Consider a first order linear differential equation $y'+Py=Q,\,y(a)=y_0$ .Here continuity of $P$ and $Q$ ensure that the the ODE has an unique solution.But in case of non-linear initial value problem i.e $y'=f(x,y),\,y(x_0)=y_0$,continuity of $f$ does not ensure the unique solution.So we need to address the following question:
(1)Under what condition on $f$ the problem $y'=f(x,y),\,y(x_0)=y_0$ has a solution$?$
(2)If solution exists,whether it is unique or not$?$
$\to$First question is answered by the Peano existence theorem which states that "let $f$ be a continuous function in an interval $I$ containing the points $(x_0,y_0)$,then the the problem $y'=f(x,y),\,y(x_0)=y_0$ has a solution".
$\to$Second question is answered by Picard's uniqueness theorem which states that "let $f$ and $\frac{\delta f}{\delta y}$ are continuous in aregion R containing the initial points $(x_0,y_0)$ then the the problem $y'=f(x,y),\,y(x_0)=y_0$ has an unique solution"
Picard method for interval of definition:let $f$ and $\frac{\delta f}{\delta y}$ are continuous in a closed rectangle $$R=\{(x,y):|x-x_0|\leq a,|y-y_0|\leq b\}$$.Then the IVP $y'=f(x,y),\,y(x_0)=y_0$ has an unique solution in the interval $|x-x_0|\leq h=min{(a,\frac{b}{l})}$ where $l=MAX_{(x,y)\in R}|f(x,y)|$
Hope this will help you!!!
Best Answer
You need a global Lipschitz condition with the same constant to apply a global version of the theorem.
Your example $\dot x = x^3$ does not possess a global Lipschitz constant since its derivative $3x^2$ is unbounded.

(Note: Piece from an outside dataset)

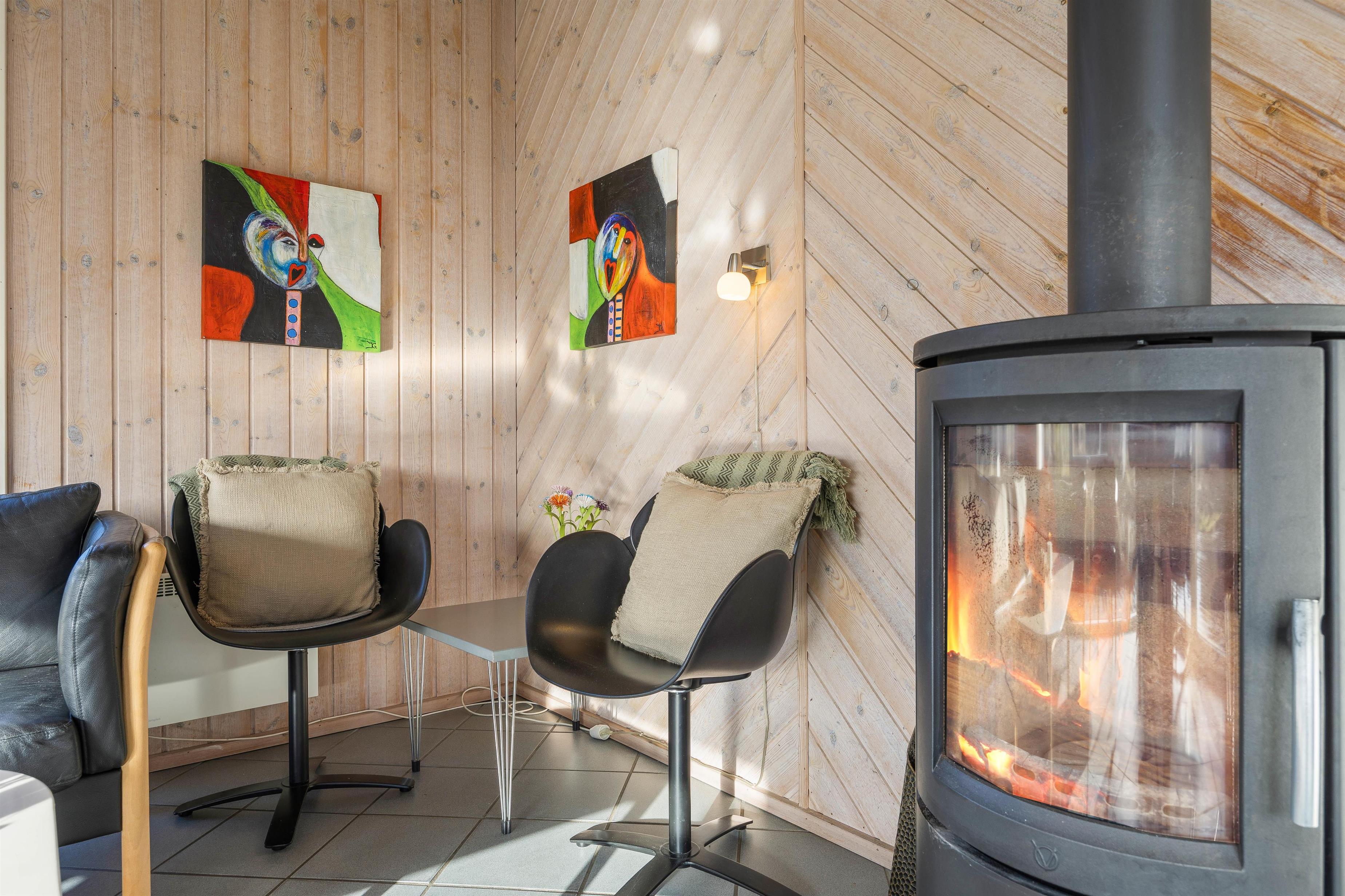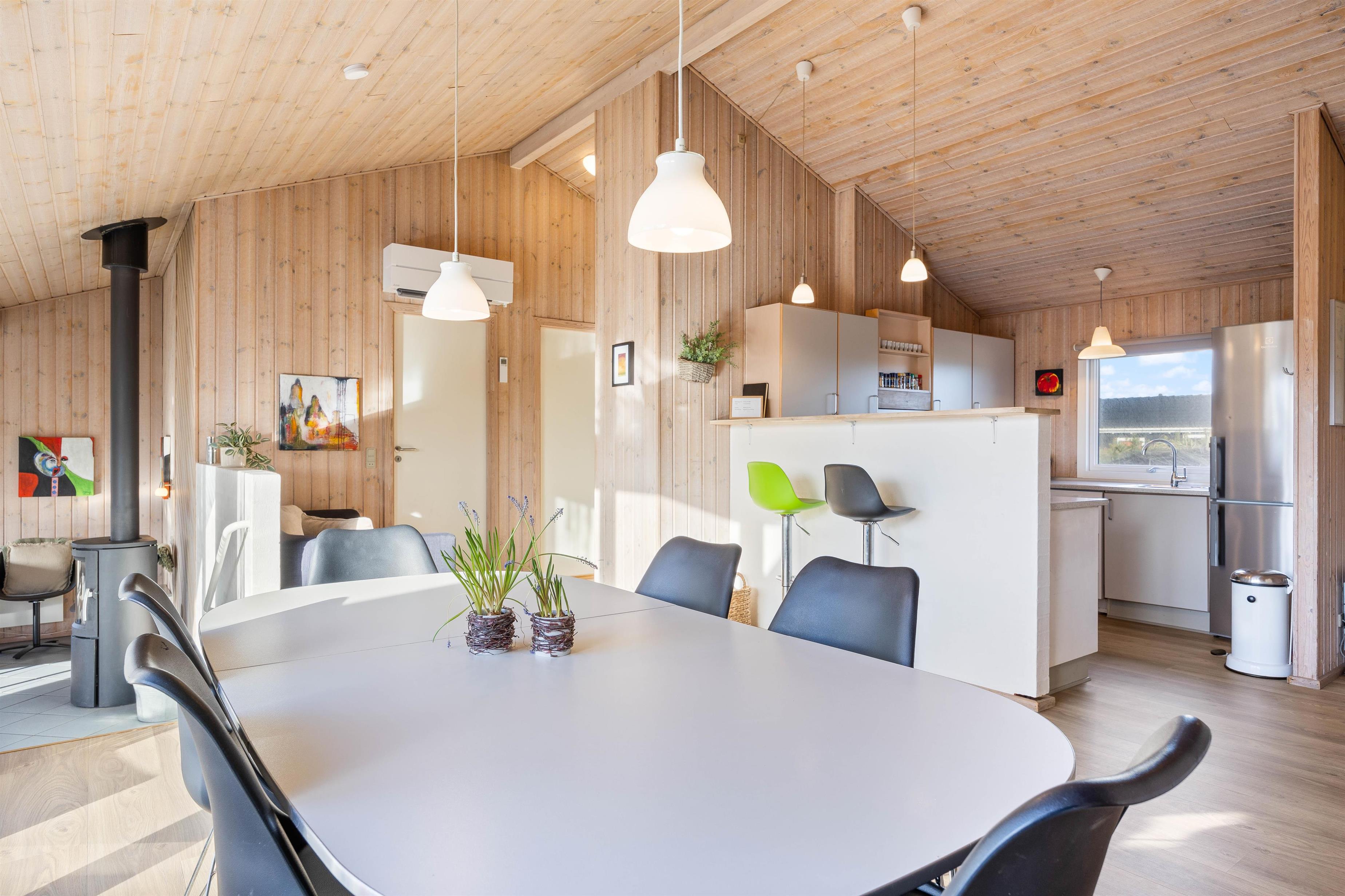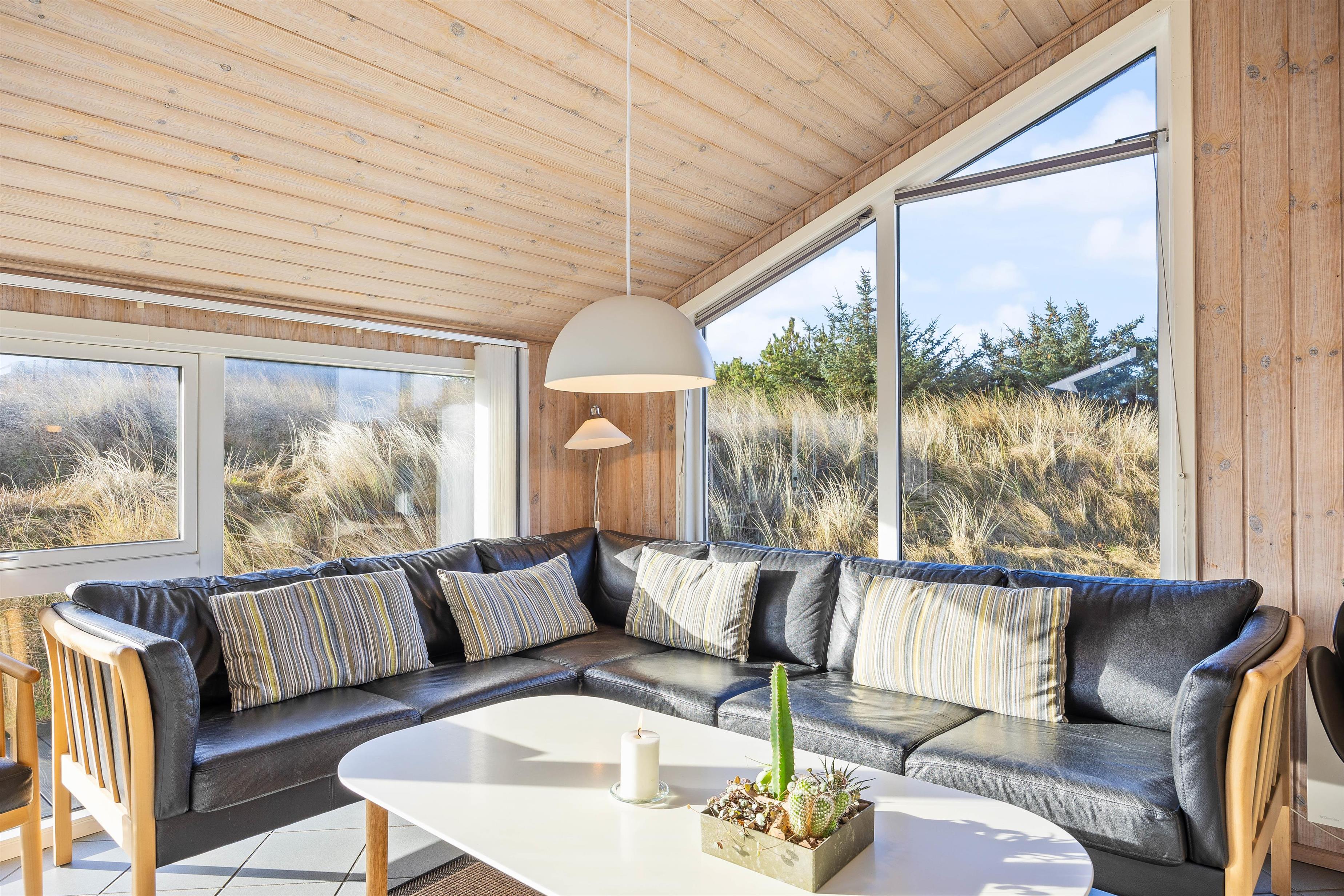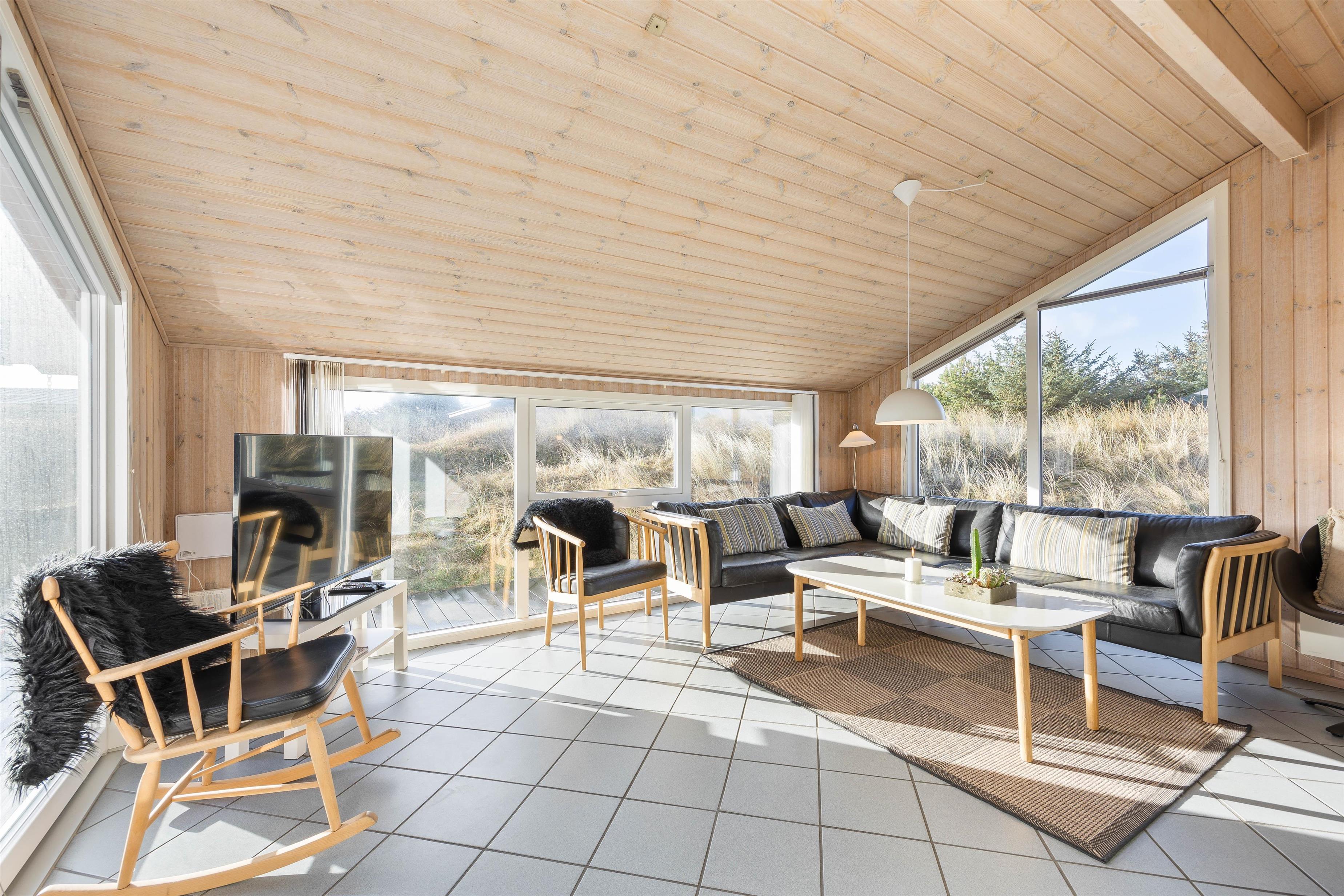 Spiseafdelingen ligger i forbindelse med køkkenet, og stuen er beliggende 3 trin lavere, hvilket giver en rigtig god effekt og skaber masser af hygge. I stuen står der en flot brændeovn, et fladskærms-TV og en DVD. Prikken over i'et i stuen, er uden tvivl de gode vinduespartier, hvor der kommer en masse god dagslys ind, samtidig med at det giver en god udsigt til de omkringliggende klitarealer.

And indeed, the solution $x^{-2}=C-2t$ has a couple limitations on its domain.
However, there is a theorem of Cauchy that tells you that if the ODE function is continuously differentiable (and thus locally Lipschitz), then any solution can be uniquely continued to the boundary of its domain, which may be the $x$ infinity at finite time.